In a school built on the foundations of the freedom of thinking outside the box and radical thought, it is of great surprise that the construction of one of the most important buildings of The New School should only be built by men. The construction workers building the new university center on 65th Street are all men. Even the “topping out” ceremony that took place on May 18, 2012, for the new University Center to be completed in full by 2013, consisted of mostly men and one woman. The fact that 73 percent of the students are women makes this even more shocking.
One could argue that there are typically less women to be found among construction workers in general. According to the Department of Labor in 2009, less than one percent of 77,000 U.S. ironworkers are female. Woman made up 10% of the construction industry workforce, occupying 970,200 of the country’s 9,702,000 construction jobs, according to the National Association of Women in Construction. Yet construction jobs account for 66 percent of jobs in America.
Though in today’s 21st century working world, and at such a progressive institution, such news is shocking.
There is a nationwide group that advocates and protects women’s rights in construction. The National Association of Women in Construction (NAWIC), was founded in 1953 in Fort Worth, Texas, by 16 women working in the construction industry. They knew that women represented only a small fraction of the construction industry. NAWIC officially gained its national charter two years after its founding, providing opportunities for professional development, education, networking, leadership training, and public service for its members.

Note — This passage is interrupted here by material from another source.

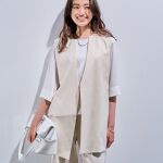 ノーカラーのジレはリネンライクですがポリエステルなのでシワになりにくいです!シャツは着丈に前後差がありオシャレ見えするデザイン!こなれセットアップのワイドパンツはタックなしで低身長さんでもスタイリングしやすく◎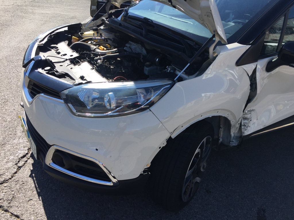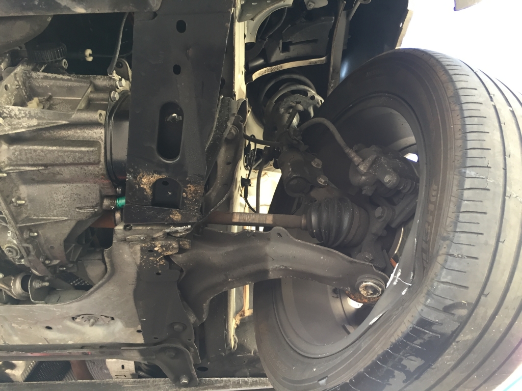 vehiculo con golpe delantero izquierdo afectando a ambas mecanicas de rueda y taco motor lado golpe,arranca,airbags ok.

Despite the fact that the percentage of women in construction and blue-collar jobs continues to remain fairly low, in other sectors of the workforce women are taking over many of what were once considered traditional well-paid male white-collar jobs. Many doctors and lawyers since the 1970s are now women. And in 2009 one fourth of all CEOs were women, according to the U.S. Bureau of Labor Statistics.
With more women working in white-collar jobs, many traditionally pink-collar jobs – like nurses, secretaries, or tellers – are being taken over by men, which leads us to question these new trends. If women are moving into traditionally white collar male occupations, and a good number of men are moving into traditionally pink collar female occupations, could it be that one day men and women will have switched career roles with one another?